[Data records]
------------------------------

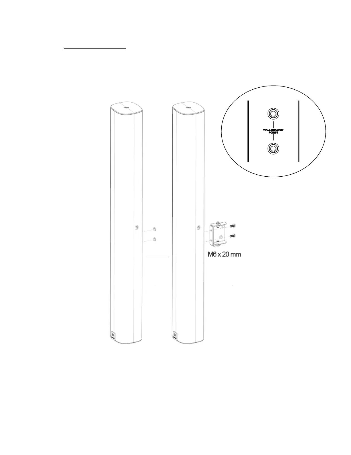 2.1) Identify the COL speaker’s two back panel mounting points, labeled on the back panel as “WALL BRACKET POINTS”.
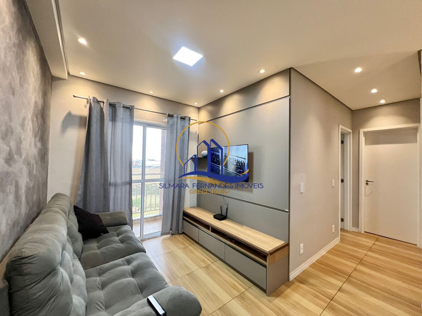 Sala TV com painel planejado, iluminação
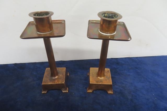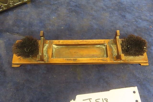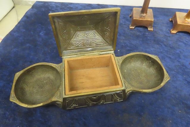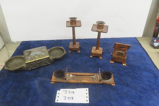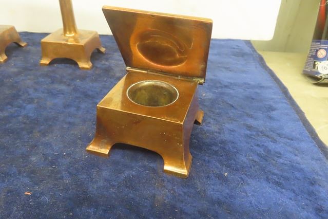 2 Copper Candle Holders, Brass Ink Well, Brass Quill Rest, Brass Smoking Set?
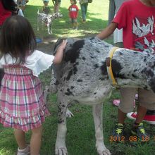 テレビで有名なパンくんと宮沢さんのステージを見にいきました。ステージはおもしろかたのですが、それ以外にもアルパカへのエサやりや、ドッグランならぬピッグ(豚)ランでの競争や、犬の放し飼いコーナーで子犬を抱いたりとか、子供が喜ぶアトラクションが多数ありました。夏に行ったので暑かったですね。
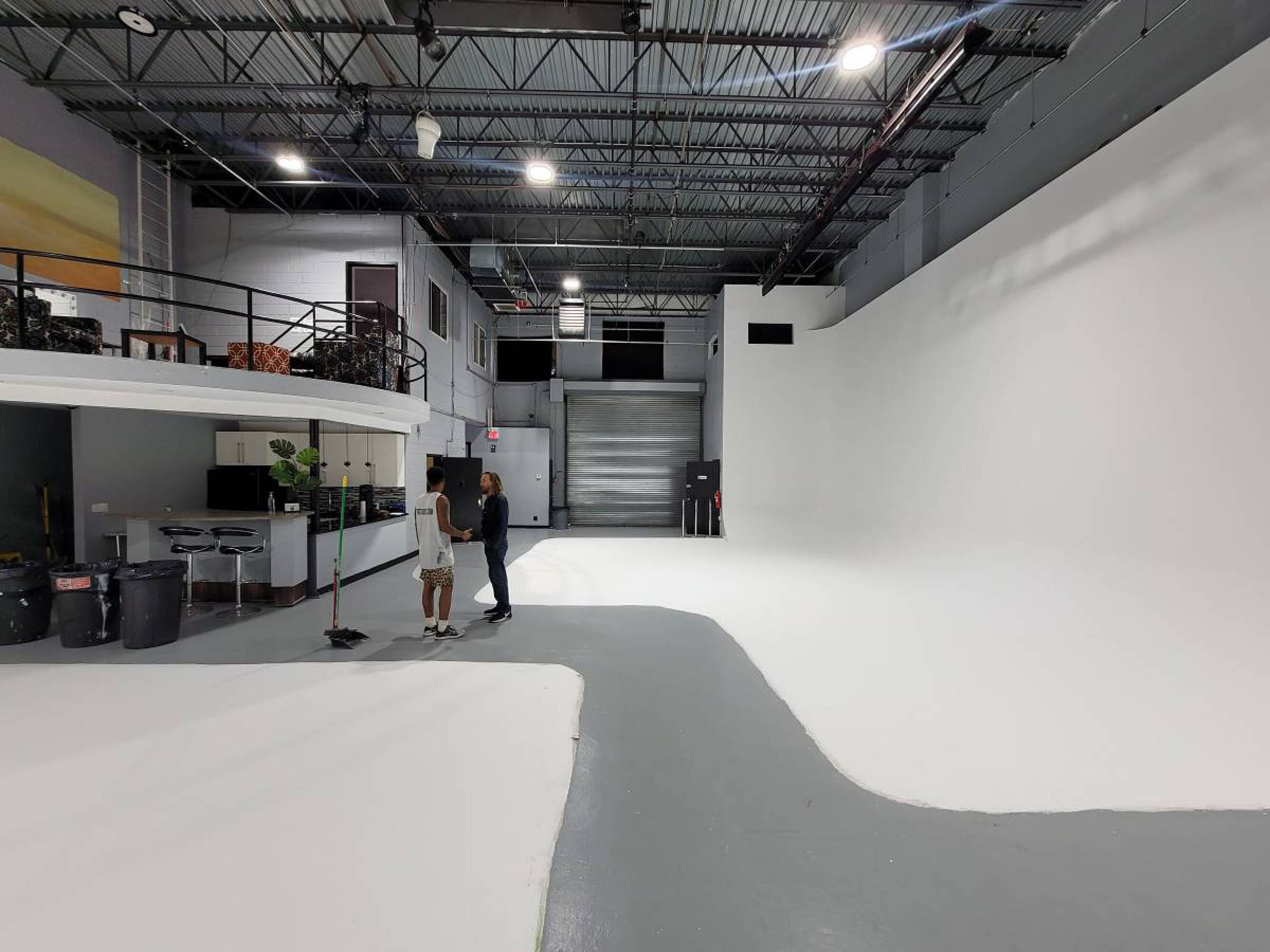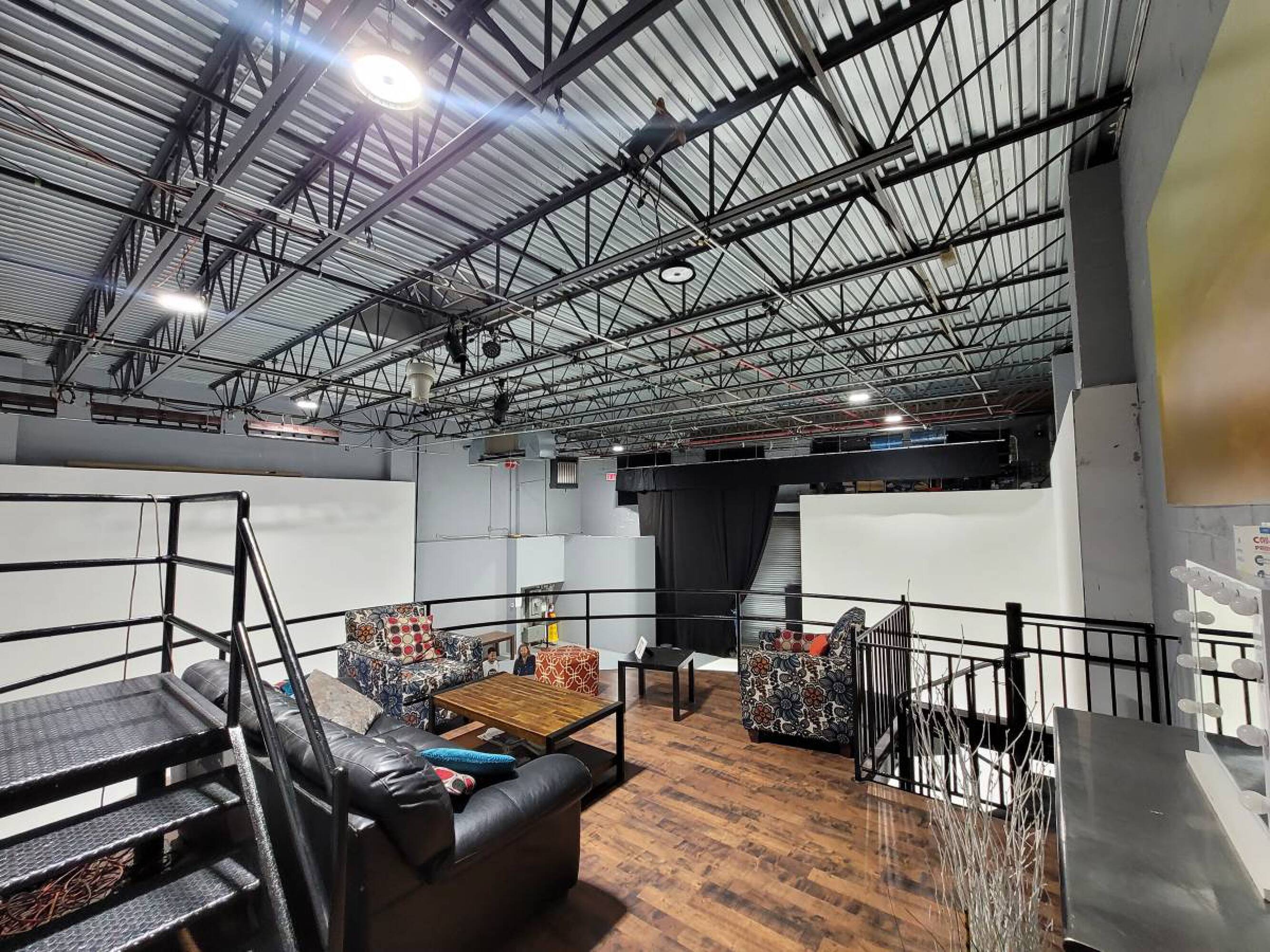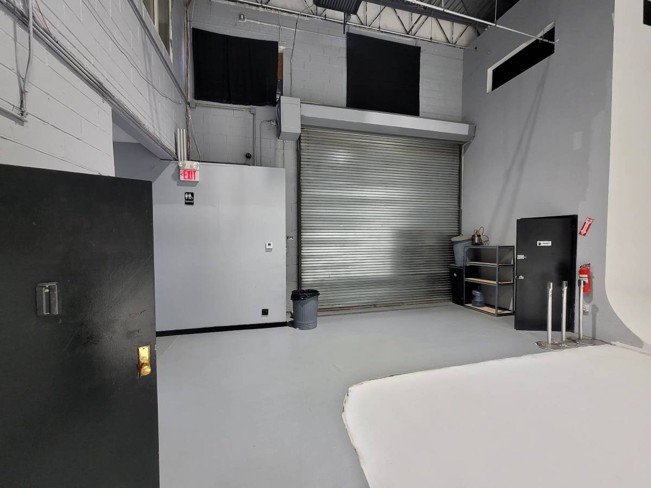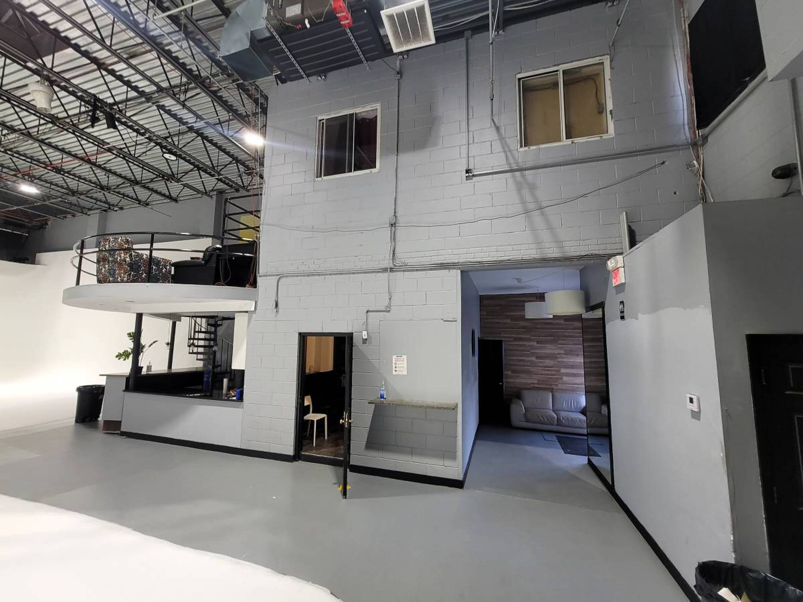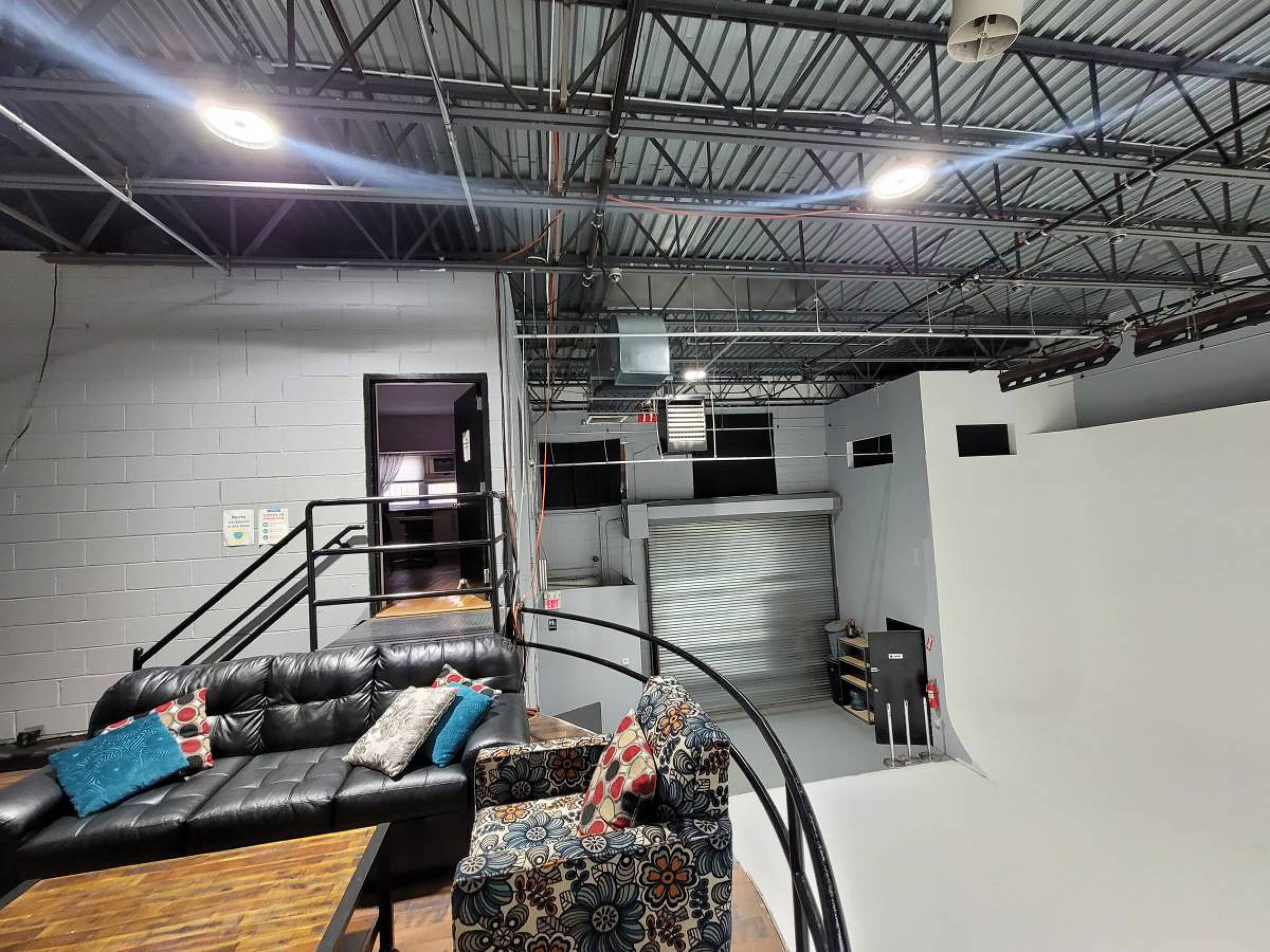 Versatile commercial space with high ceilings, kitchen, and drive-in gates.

------------------------------

### EXERCISE DESCRIPTION
Leave every picture out and output the records exactly.

### ANSWER FOR THIS EXERCISE
 2.1) Identify the COL speaker’s two back panel mounting points, labeled on the back panel as “WALL BRACKET POINTS”.
 Sala TV com painel planejado, iluminação
 2 Copper Candle Holders, Brass Ink Well, Brass Quill Rest, Brass Smoking Set?
 テレビで有名なパンくんと宮沢さんのステージを見にいきました。ステージはおもしろかたのですが、それ以外にもアルパカへのエサやりや、ドッグランならぬピッグ(豚)ランでの競争や、犬の放し飼いコーナーで子犬を抱いたりとか、子供が喜ぶアトラクションが多数ありました。夏に行ったので暑かったですね。
 Versatile commercial space with high ceilings, kitchen, and drive-in gates.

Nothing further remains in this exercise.